The third is the fact that, while yes, IN THEORY, sound science will produce a chain evidence that can be checked and rechecked and shown to be sound, by each individual scientist, through direct empirical study, IN PRACTICE, nobody has the time, let alone inclination, to do so.
Science is complicated. The body scientific literature available for any given question within any given field is often considerable, and it's growing larger every day. This is why, unless they're just teachers, scientists cannot be "generalists" - they must pick a field, and a narrow range of questions within that field, to really study and understand. The science they do is, presumably, open to them, and they can see for themselves which hypothesis stand up to scrutiny, which don't, what the evidence is, etc etc.

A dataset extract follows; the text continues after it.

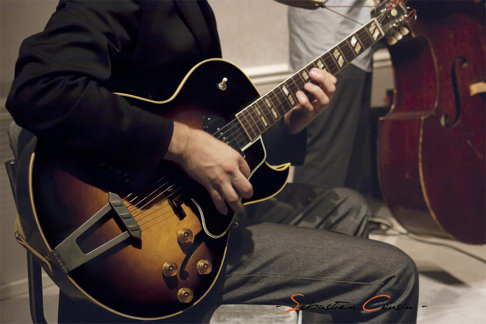 C'était mon tout premier concert, et il faudra être indulgents. D'autant que la lumière... ben il n'y en avait pas beaucoup et que mon vieux 20D et mes objectifs qui n'ouvrent pas trop ont montré leurs limites. Les résultats sont bien meilleurs sur les deux concerts suivants, mais je n'ai pas encore terminé la post-prod donc je les publierai plus tard.

But to borrow a famous phrase, every scientist "stands on the shoulders of giants". Yes, scientists tend to be professional and thorough. Maybe you cite a paper as a source for an assertion or assumption you make; then you check that paper's sources, and maybe you check THAT paper's sources, and maybe just maybe check the next down just to be safe. But nobody's going to check the source of a source of a source of a source of a source, not for one scientific fact you assert to be true, and certainly not for
every single scientific assumption you assert to be true.
And even if you WERE to go back, back and back and back, into the literature of the Before Times, and you read all the studies and experimental notes right on down to the beginning, it would be even more absurd to actually redo each of these experiments in order to check and see, empirically, for yourself, that yes in fact, Dr Soandso WAS correct when he got Japanese bullweevils to successfully mate while under the influence of this particular chemical compound, and yes, Dr Whosamawhatsi WAS correct when his team found that the compound in question acted on the protein receptors of Molecule Blahblahblah, and BY GOD YES, Dr Mrsvandertramp was utterly and completely spot-on right when she discovered that Molecule Blahblahblah was composed of three atoms of Element Xirps, five atoms of Element Quipups, and some scotch tape that had been nicked by the undergraduates from Nottingham.
ALL THIS TO SAY, ultimately, everyone - even the very best scientists (especially the very best scientists?) - must,
and do, on any given day, take countless "sound scientific assertions" to be true, not based on any direct empirical knowledge that they themselves have access to, but on faith alone. On faith that the scientists before them did the work, did the work well, and came to the right conclusions.